We have learnt the importance of El Nino and La Nina events in the Pacific and just how disruptive these ocean current changes are to terrestrial weather, which in turn effects us big time.


Warming Seas - Warm Seas


It is not just the polar regions that are under threat; coral reefs, atolls and low lying islands are in dire straits.


Warming seas bring their own problems from sea level rise from thermal expansion to more extreme climatic events, warmer air carries more water, larger temperature extremes are the root cause of tropical storms, which often are not limited to the tropics.


Warm seas are not exempt from the effects, a minor alteration in coral growing regions is sufficient to cause 'bleaching', long term bleaching is causing mass die-offs around the world. Ocean acidification causes corals to dissolve further disrupting this unique habitat.

Changes in species diversity has unknown effects on trophic levels.

Regions of oligotrophic waters rely on differing systems to support life, coral reefs are one such ecosystem which is under threat.
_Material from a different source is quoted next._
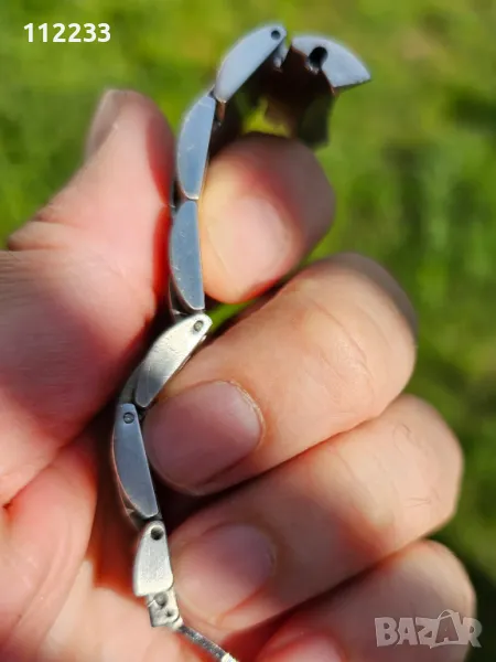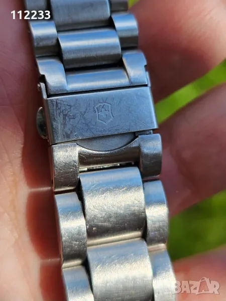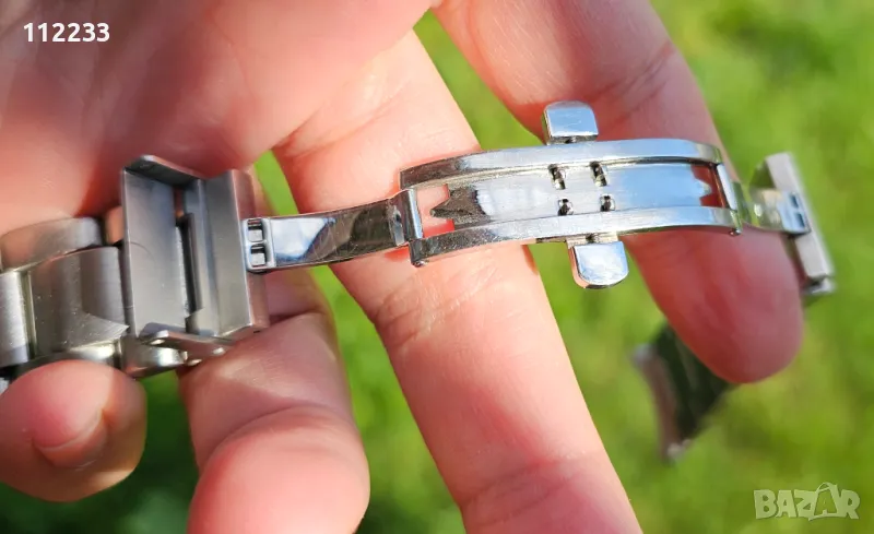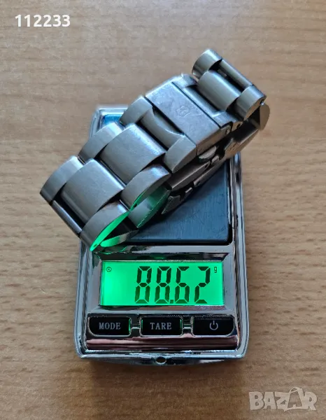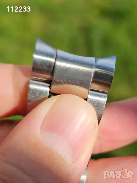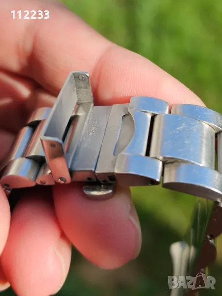 Здрава,плътна и тежка верига от стомана,която няма нужда от представяне. Има следи от употреба,но само драскотини и ако се полира,ще лъсне. Липсват звена и като се сложи на часовника е за по-тънка китка 18-19 см. Самата верижка е 15,5 см дълга.Междулъгово разстояние 23 мм.

Whole islands, island communities and huge areas of densely populated land are at risk of becoming submerged.

Coral bleaching, where the coral polyps expel the algae component causes major disruption and can cause the death of the entire reef.



Problems from fishing of the top preditors causes untold and often unknown turmoil to food webs. Ocean acidification bleaches corals, one of the globes greatest habitats in nutrient deficient waters.


In fact many of the world's major cities lie close to sea level and are at threat from rising tides and storm surges.